(Stored records)
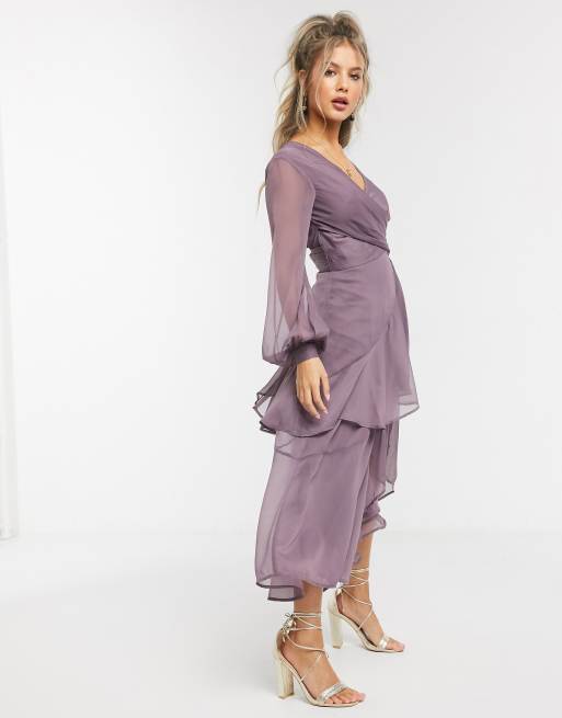 ASOS DESIGN wrap waist midi dress with double layer skirt and long Very well made.
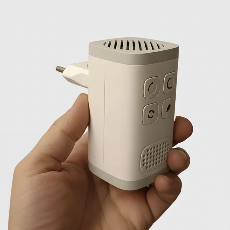 É pequeno mas poderoso! Só um toque de botão e o ambiente todo fica cheiroso. Nenhum cheiro estranho, mesmo com animais por perto.
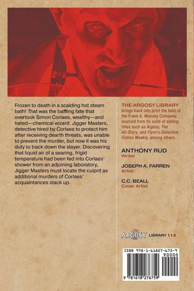 Frozen to death in a scalding hot steam bath! That was the baffling fate that overtook Simon Corlaes, wealthy-and hated-chemical wizard. Jigger Masters, detective hired by Corlaes to protect him after receiving dearth threats, was unable to prevent the murder, but now it was his duty to track down the slayer. Discovering that liquid air of a searing, frigid temperature had been fed into Corlaes' shower from an adjoining laboratory, Jigger Masters must locate the culprit as additional murders of Corlaes' acquaintances stack up.
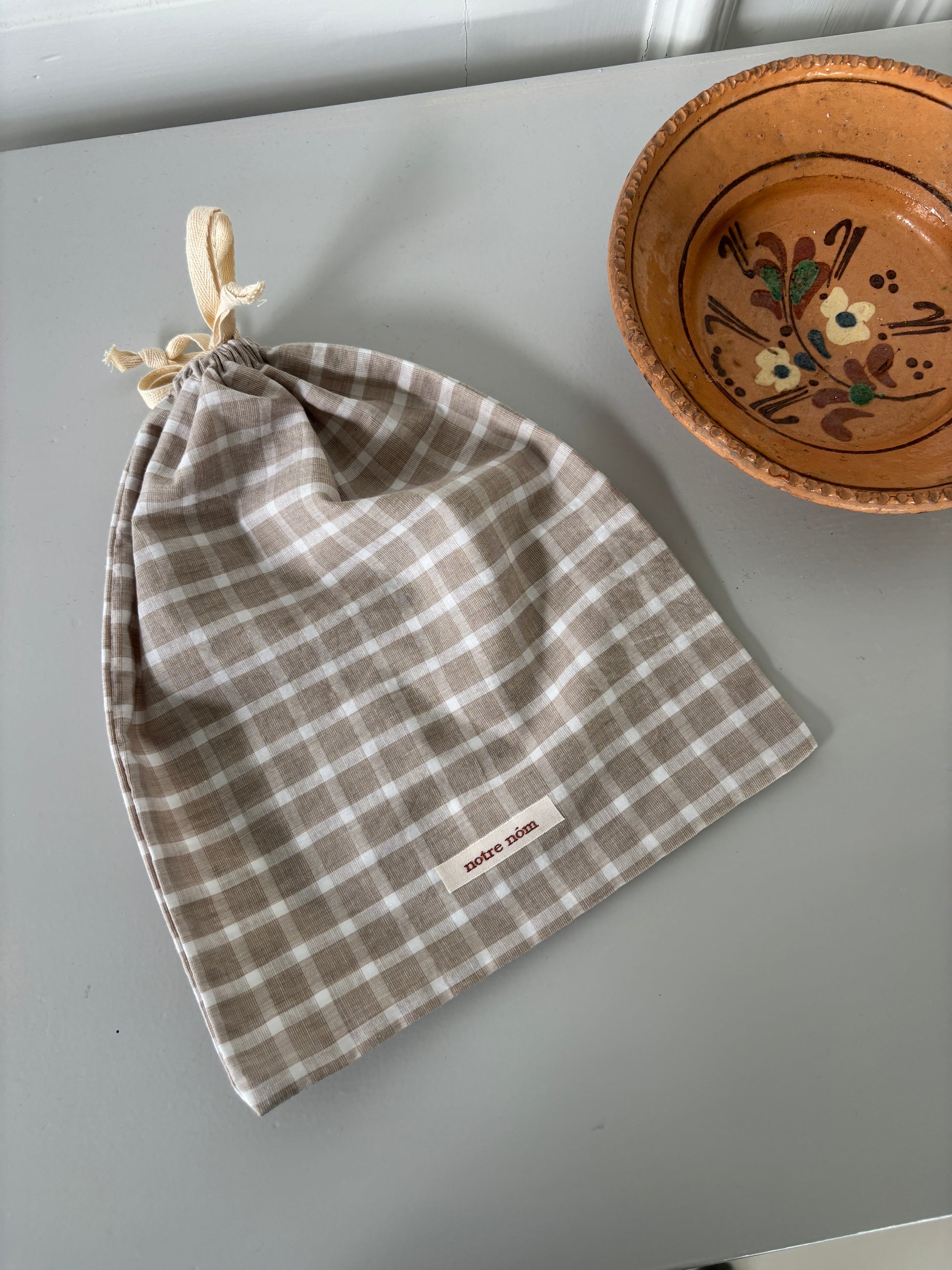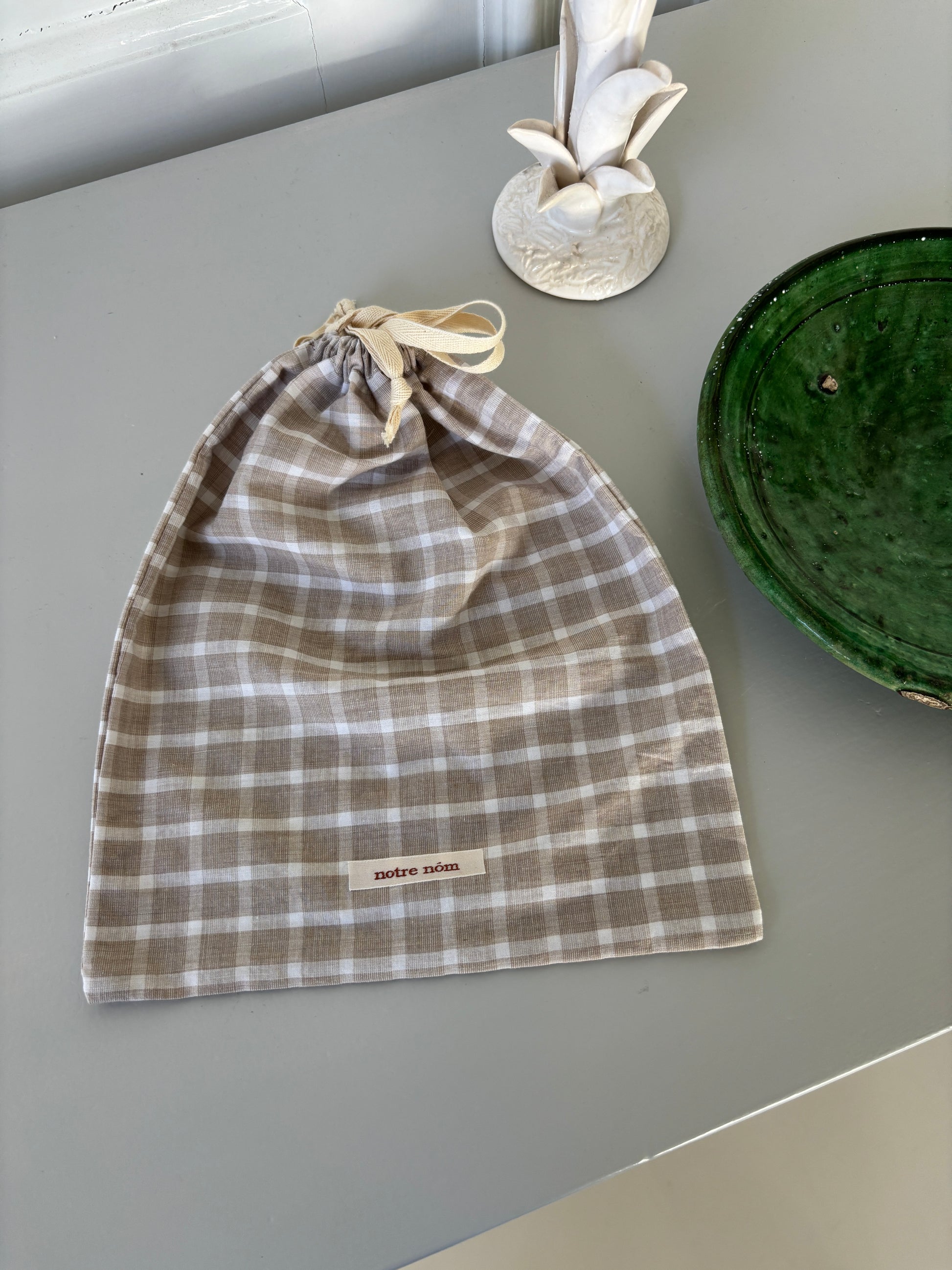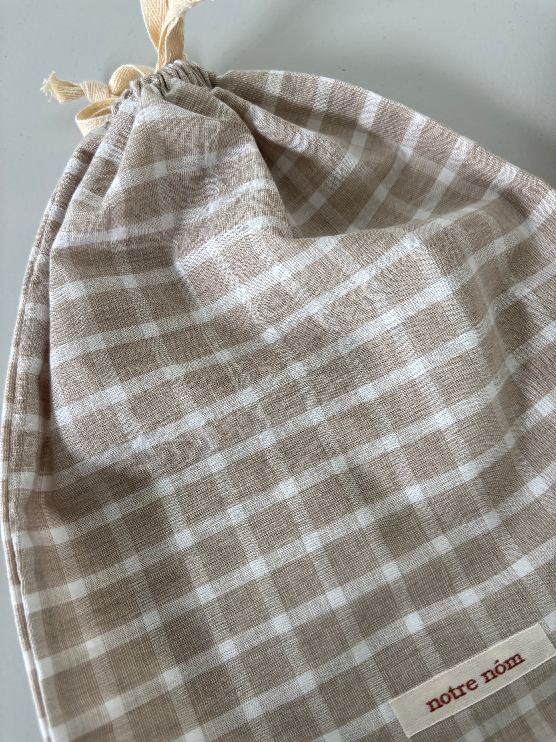 Håndlavet stofpose med snoreluk. I det fineste ternet stof.
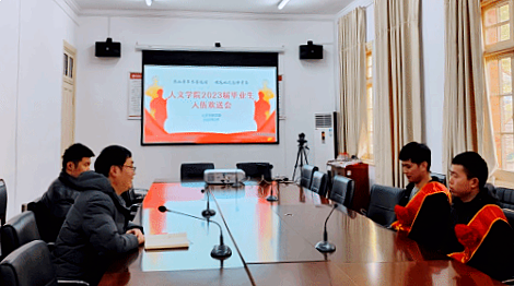 近日,2023届毕业生入伍欢送会在红楼会议室举行,人文学院党委副书记王波主持欢送会。2023届两位毕业生王宇、洪祥身披“光荣入伍”绶带、胸前佩戴大红花参会。
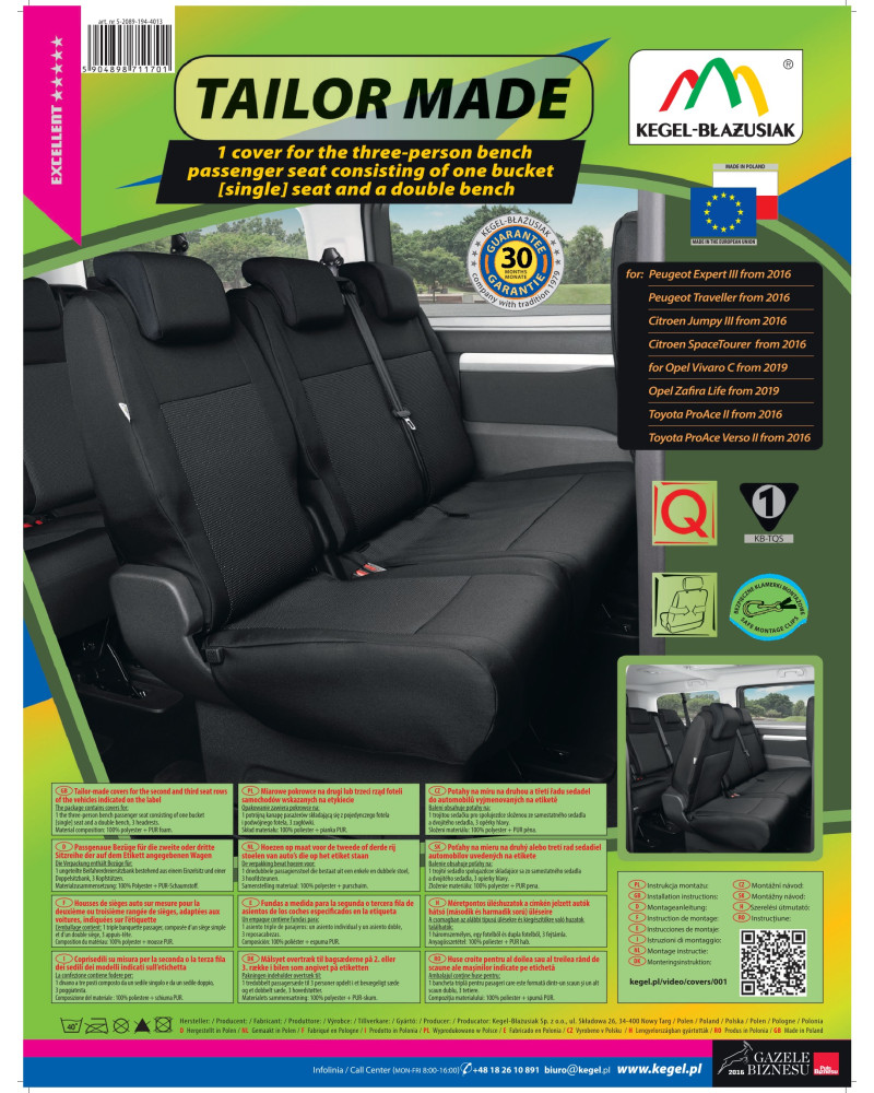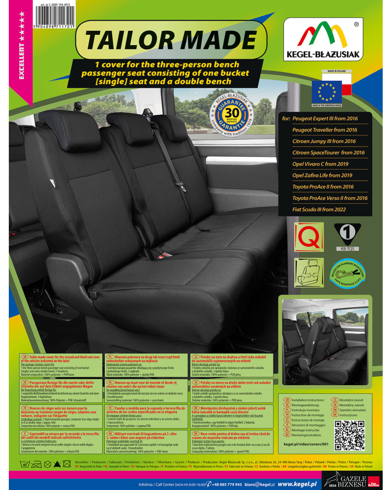 Ako už bolo uvedené predtým, predná i zadná časť poťahu sú ušité zo silného, pevného čalúnnického materiálu. Poťahy majú nevyhnutné, uzatvárateľné otvory, ktoré umožňujú ich natiahnutie bez nutnosti vyťahovať opierky hlavy a zhotovovať ďalšie otvory. Prednosťou poťahov TAILORE MADE je to, že kryjú celý zadný povrch operadla. Vďaka tejto vlastnosti vyzerajú veľmi dobre tiež zozadu sedačky a zároveň ju chránia pred znečistením a poškodením (to je dôležité predovšetkým pre osoby, ktoré majú malé deti). Komplet je vybavený špeciálnymi plastovými sponami, do materiálu sú všité pripevnenia, čo s pomocou priloženého obrázkového návodu na obsluhu zaisťuje veľmi ľahkú inštaláciu. Poťahy možno bez obáv prať na 40° – podľa pokynov na štítku. Výrobok renomovanej firmy Kegel-Błażusiak, najväčšieho výrobcu a exportéra v odvetví autopoťahov a pracovných odevov. Vyrobené v Poľsku, predovšetkým z poľských surovín, dodržaním všetkých kvalitatívnych štandardov Európskej únie. Nákupom poťahov Kegel-Błażusiak podporujete poľskú ekonomiku a chránite poľské pracovné miesta a tiež máte istotu, že si kupujete výrobok najvyššej kvality.

• What needs to be done
Output nothing but the records, word for word, and none of their pictures.

• Result of this exercise
 ASOS DESIGN wrap waist midi dress with double layer skirt and long Very well made.
 É pequeno mas poderoso! Só um toque de botão e o ambiente todo fica cheiroso. Nenhum cheiro estranho, mesmo com animais por perto.
 Frozen to death in a scalding hot steam bath! That was the baffling fate that overtook Simon Corlaes, wealthy-and hated-chemical wizard. Jigger Masters, detective hired by Corlaes to protect him after receiving dearth threats, was unable to prevent the murder, but now it was his duty to track down the slayer. Discovering that liquid air of a searing, frigid temperature had been fed into Corlaes' shower from an adjoining laboratory, Jigger Masters must locate the culprit as additional murders of Corlaes' acquaintances stack up.
 Håndlavet stofpose med snoreluk. I det fineste ternet stof.
 近日,2023届毕业生入伍欢送会在红楼会议室举行,人文学院党委副书记王波主持欢送会。2023届两位毕业生王宇、洪祥身披“光荣入伍”绶带、胸前佩戴大红花参会。
 Ako už bolo uvedené predtým, predná i zadná časť poťahu sú ušité zo silného, pevného čalúnnického materiálu. Poťahy majú nevyhnutné, uzatvárateľné otvory, ktoré umožňujú ich natiahnutie bez nutnosti vyťahovať opierky hlavy a zhotovovať ďalšie otvory. Prednosťou poťahov TAILORE MADE je to, že kryjú celý zadný povrch operadla. Vďaka tejto vlastnosti vyzerajú veľmi dobre tiež zozadu sedačky a zároveň ju chránia pred znečistením a poškodením (to je dôležité predovšetkým pre osoby, ktoré majú malé deti). Komplet je vybavený špeciálnymi plastovými sponami, do materiálu sú všité pripevnenia, čo s pomocou priloženého obrázkového návodu na obsluhu zaisťuje veľmi ľahkú inštaláciu. Poťahy možno bez obáv prať na 40° – podľa pokynov na štítku. Výrobok renomovanej firmy Kegel-Błażusiak, najväčšieho výrobcu a exportéra v odvetví autopoťahov a pracovných odevov. Vyrobené v Poľsku, predovšetkým z poľských surovín, dodržaním všetkých kvalitatívnych štandardov Európskej únie. Nákupom poťahov Kegel-Błażusiak podporujete poľskú ekonomiku a chránite poľské pracovné miesta a tiež máte istotu, že si kupujete výrobok najvyššej kvality.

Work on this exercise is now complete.